Distributions describe how values are spread. Two key types:
- **Discrete**: Countable outcomes (e.g., coin flips, dice rolls)
- **Continuous**: Infinite possible values (e.g., height, temperature)


In [None]:
import matplotlib.pyplot as plt
import seaborn as sns
from scipy.stats import norm, binom

# Normal distribution (continuous)
x = np.linspace(-4, 4, 100)
plt.figure(figsize=(12, 4))

plt.subplot(1, 2, 1)
plt.plot(x, norm.pdf(x), 'b-', label='PDF')
plt.fill_between(x, norm.pdf(x), alpha=0.3)
plt.title("Normal Distribution (Continuous)")
plt.xlabel("Value")
plt.ylabel("Probability Density")
plt.grid(True)
plt.legend()

# Binomial distribution (discrete)
n_trials = 10
p_success = 0.3
x_binom = np.arange(0, n_trials + 1)
plt.subplot(1, 2, 2)
plt.bar(x_binom, binom.pmf(x_binom, n_trials, p_success), alpha=0.7, color='red')
plt.title(f"Binomial Distribution (n={n_trials}, p={p_success})")
plt.xlabel("Number of Successes")
plt.ylabel("Probability")
plt.grid(True)

plt.tight_layout()
plt.show()

# Key differences
print("Key Differences:")
print("Normal Distribution:")
print("- Continuous (infinite possible values)")
print("- Bell-shaped, symmetric")
print("- Described by mean (μ) and standard deviation (σ)")
print("- Area under curve = 1")

print("\nBinomial Distribution:")
print("- Discrete (countable outcomes)")
print("- Models number of successes in n trials")
print("- Described by n (trials) and p (success probability)")
print("- Sum of all probabilities = 1")

# Expected values
print(f"\nExpected value of Normal(0,1): {norm.mean()}")
print(f"Expected value of Binomial({n_trials},{p_success}): {binom.mean(n_trials, p_success)}")

## 📐 Bayes’ Theorem

In [None]:
# Bayes’ Theorem: Example
# P(Disease | Positive Test) = ?

# Prior
P_disease = 0.01
P_no_disease = 0.99

# Likelihood
P_pos_given_disease = 0.95
P_pos_given_no_disease = 0.05

# Total probability of positive test
P_pos = P_disease * P_pos_given_disease + P_no_disease * P_pos_given_no_disease

# Posterior
P_disease_given_pos = (P_disease * P_pos_given_disease) / P_pos
print(f"P(Disease | Positive Test) = {P_disease_given_pos:.3f}")

## ✅ Summary Quiz
1. What does the area under a probability density function represent?
2. How is a Binomial distribution different from a Normal distribution?
3. Why does Bayes’ Theorem require a denominator?

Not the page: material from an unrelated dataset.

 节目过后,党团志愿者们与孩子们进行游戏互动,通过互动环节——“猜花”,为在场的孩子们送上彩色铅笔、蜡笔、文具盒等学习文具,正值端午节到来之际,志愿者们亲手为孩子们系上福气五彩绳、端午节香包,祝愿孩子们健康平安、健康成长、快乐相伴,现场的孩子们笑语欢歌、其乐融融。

### Enhanced Quiz Questions with Answers
1. **What does the area under a probability density function represent?**
   > The total probability = 1. For any specific interval, the area represents the probability of the random variable falling in that range.

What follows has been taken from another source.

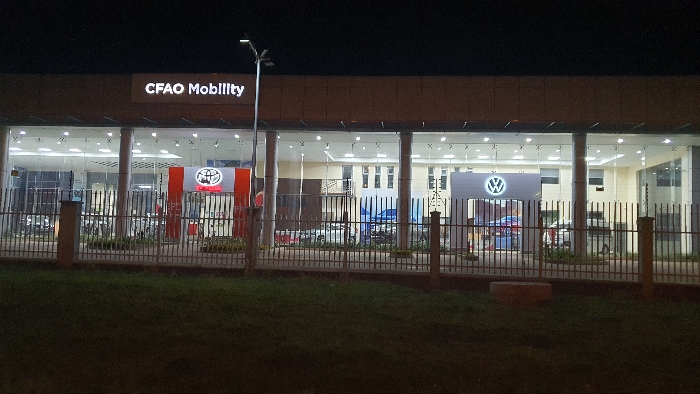 The photo shows a dealership at night, identified by the "CFAO Mobility" sign above

2. **How is a Binomial distribution different from a Normal distribution?**
   > Binomial is discrete (countable outcomes like coin flips), while Normal is continuous (infinite possible values). Binomial models success/failure trials, Normal models bell-shaped continuous phenomena.

3. **Why does Bayes' Theorem require a denominator P(B)?**
   > To normalize the probabilities so they sum to 1. It ensures we're calculating a proper conditional probability.

4. **What's the expected value of a fair six-sided die?**
   > (1+2+3+4+5+6)/6 = 3.5

### Self-Assessment Checklist
Check off each item as you master it:

- [ ] I understand how to simulate a random process
- [ ] I can differentiate between discrete and continuous distributions
- [ ] I can calculate and interpret conditional probability
- [ ] I understand how Bayes' Theorem updates belief with evidence
- [ ] I can read and interpret probability distribution plots
- [ ] I understand the Law of Large Numbers
- [ ] I can explain why rare diseases have low posterior probabilities even with accurate tests

### 🔗 Next Steps
- Review the [companion theory file](02_probability_statistics.md) for deeper mathematical insights
- Practice with different probability scenarios
- Think about how uncertainty quantification applies to machine learning

### 💡 Key Takeaways
- **Probability**: Measures uncertainty (0 to 1)
- **Distributions**: Describe how values are spread
- **Bayes' Theorem**: Updates beliefs with new evidence
- **Conditional Probability**: P(A|B) ≠ P(A) when B provides information
- **ML Connection**: Uncertainty is everywhere in machine learning!